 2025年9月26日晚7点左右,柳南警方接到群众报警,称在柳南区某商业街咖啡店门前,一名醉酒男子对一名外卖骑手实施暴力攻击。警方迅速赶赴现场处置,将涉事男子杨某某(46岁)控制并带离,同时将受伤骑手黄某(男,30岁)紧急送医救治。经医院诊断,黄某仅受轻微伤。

..............................

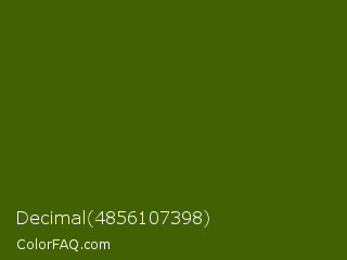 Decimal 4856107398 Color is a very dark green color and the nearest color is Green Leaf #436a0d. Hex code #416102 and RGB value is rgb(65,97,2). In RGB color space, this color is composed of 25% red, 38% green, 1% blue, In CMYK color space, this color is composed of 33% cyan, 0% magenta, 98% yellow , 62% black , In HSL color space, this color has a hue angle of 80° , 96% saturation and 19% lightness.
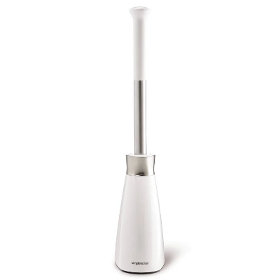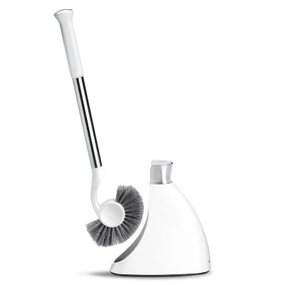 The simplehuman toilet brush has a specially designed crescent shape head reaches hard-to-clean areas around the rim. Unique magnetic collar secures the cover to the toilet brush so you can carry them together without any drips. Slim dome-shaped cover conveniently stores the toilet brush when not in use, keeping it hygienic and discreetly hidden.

..............................

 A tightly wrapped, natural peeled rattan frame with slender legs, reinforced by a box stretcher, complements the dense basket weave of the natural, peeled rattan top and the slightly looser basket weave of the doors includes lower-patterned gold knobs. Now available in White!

..............................

TASK TO COMPLETE
Copy everything above from the line holding "Decimal 4856107398 Color" down to the line holding "The simplehuman toilet", both ends included, exactly as it stands and without the pictures.

OUTPUT
 Decimal 4856107398 Color is a very dark green color and the nearest color is Green Leaf #436a0d. Hex code #416102 and RGB value is rgb(65,97,2). In RGB color space, this color is composed of 25% red, 38% green, 1% blue, In CMYK color space, this color is composed of 33% cyan, 0% magenta, 98% yellow , 62% black , In HSL color space, this color has a hue angle of 80° , 96% saturation and 19% lightness.
 The simplehuman toilet brush has a specially designed crescent shape head reaches hard-to-clean areas around the rim. Unique magnetic collar secures the cover to the toilet brush so you can carry them together without any drips. Slim dome-shaped cover conveniently stores the toilet brush when not in use, keeping it hygienic and discreetly hidden.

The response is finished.